As show above p-value for the same gene was (2.05E-12) in both occasion but the q value changes.
Doesn't the adjust p-value remain same ? and only changes to NA if it doesn't satisfy the FDR cutoff?
The '
alpha
' that you specify toresults()
is passed along to a function that applies a procedure called independent filtering (IF), or also a new method called IHW if you specify that method when running results().
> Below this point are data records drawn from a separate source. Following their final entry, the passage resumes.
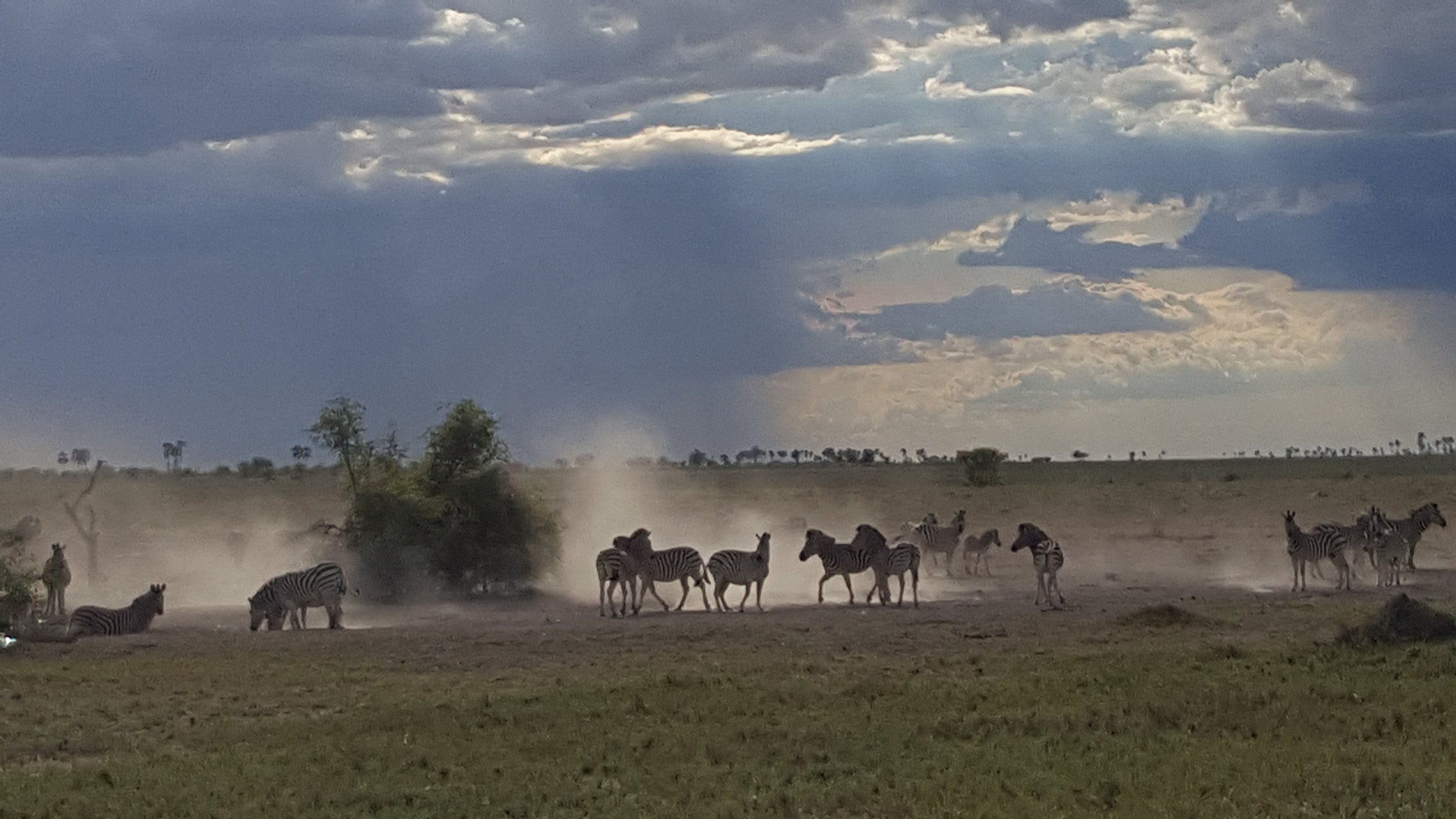 Camp 2 Botswana ....lots of #1 which of coarse means LOTS of #3. Mainly zebra and wildebeest .....100 + degrees....no electricity which meant hot afternoons and nights. Very old school...reminded me of a Bedouin oasis camp.....lovely staff....pool that you were VERY grateful to see in the afternoon heat especially since it was the perfect spot to view #1. First evening we were away from camp when a HUGE sand storm hit ......very exciting watching it approach from far away then get caught up in the wind and sand....thought my tent was going to fly into the night......reminded me why I HATE camping...hiked with bushman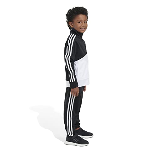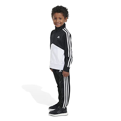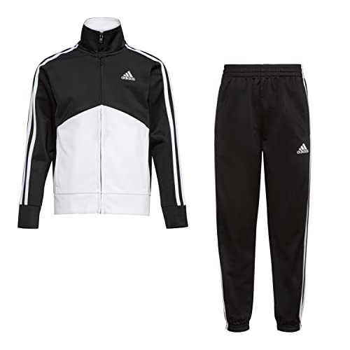 Details: Pass down adidas track style to your young athlete. This boys' two-piece set includes a full-zip jacket and matching pants. Smooth tricot fabric gives it a classic sporty look.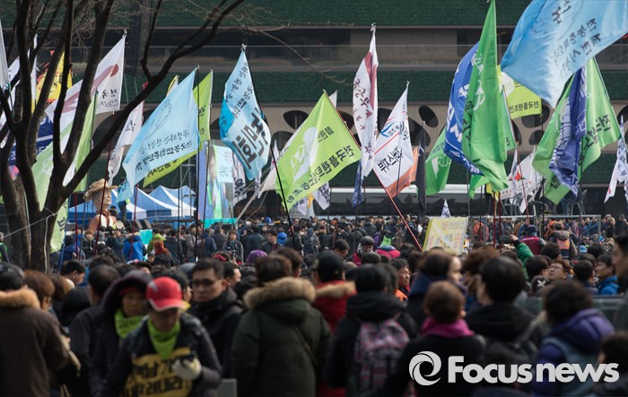(서울=포커스뉴스) 27일 오후 서울광장에서 민주노총과 참여연대, 전국빈민연합 등 시민사회단체들이 4차 민중총궐기 집회에 참가하고 있다.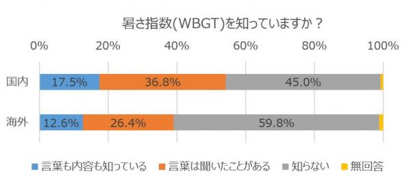3.熱中症対策に欠かせない、暑さ指数(WBGT)の認知は、国内外ともに2割弱・・・
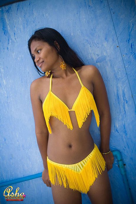 Asha Kumara: Asha Kumara shows chocolate nipples and ass in a bikini
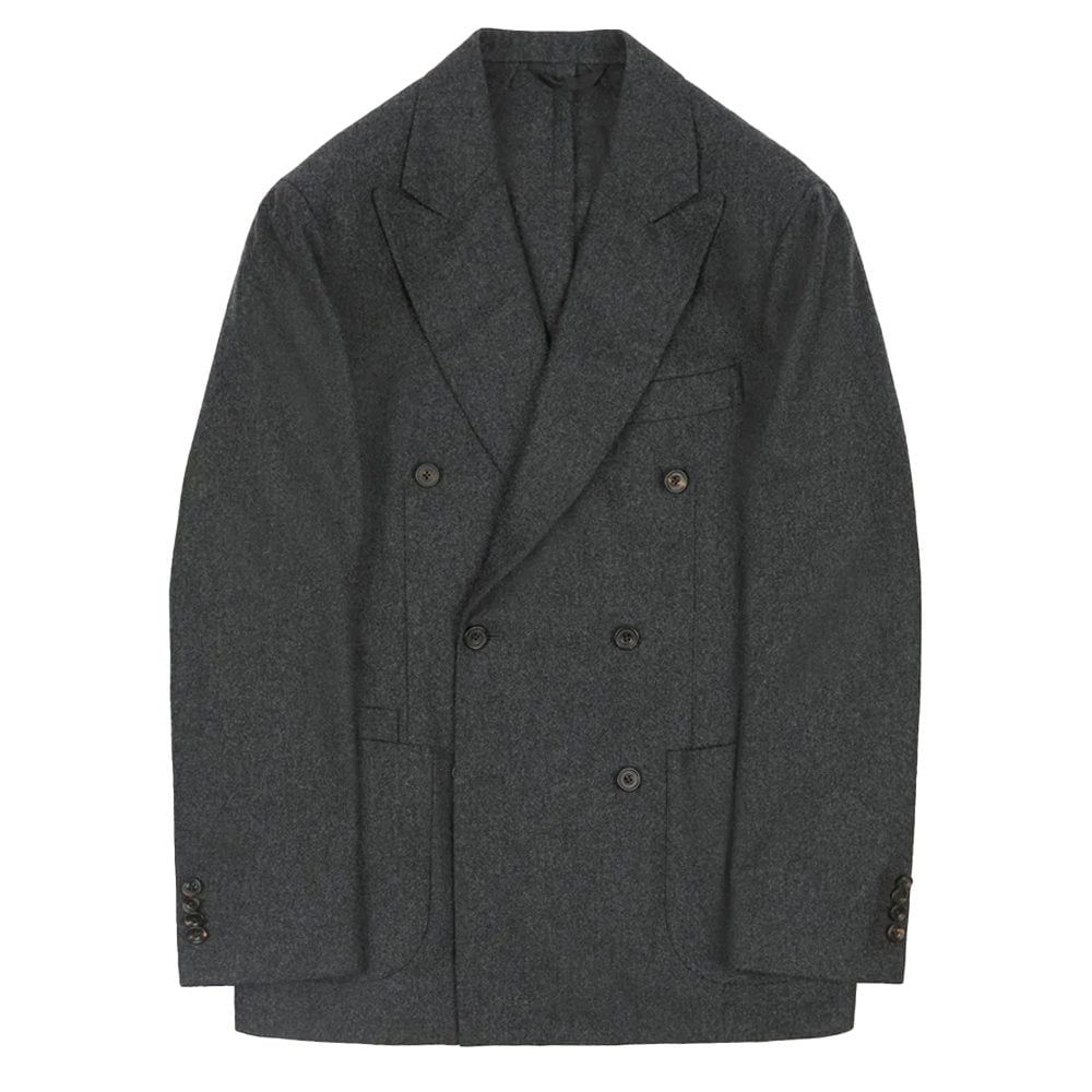 - Drake’s Grey Wool Flannel Double-Breasted Tailored Jacket

We have a citation for IF in the help page for the results() function, if you want to read more, and it's also discussed in the DESeq2 paper under a section on independent filtering. In the IF case, the procedure finds a threshold for mean of normalized counts, below which the signal is too low for sufficient power in statistical testing. Changing the number of tests (how many pass the filter) changes the adjusted p-value.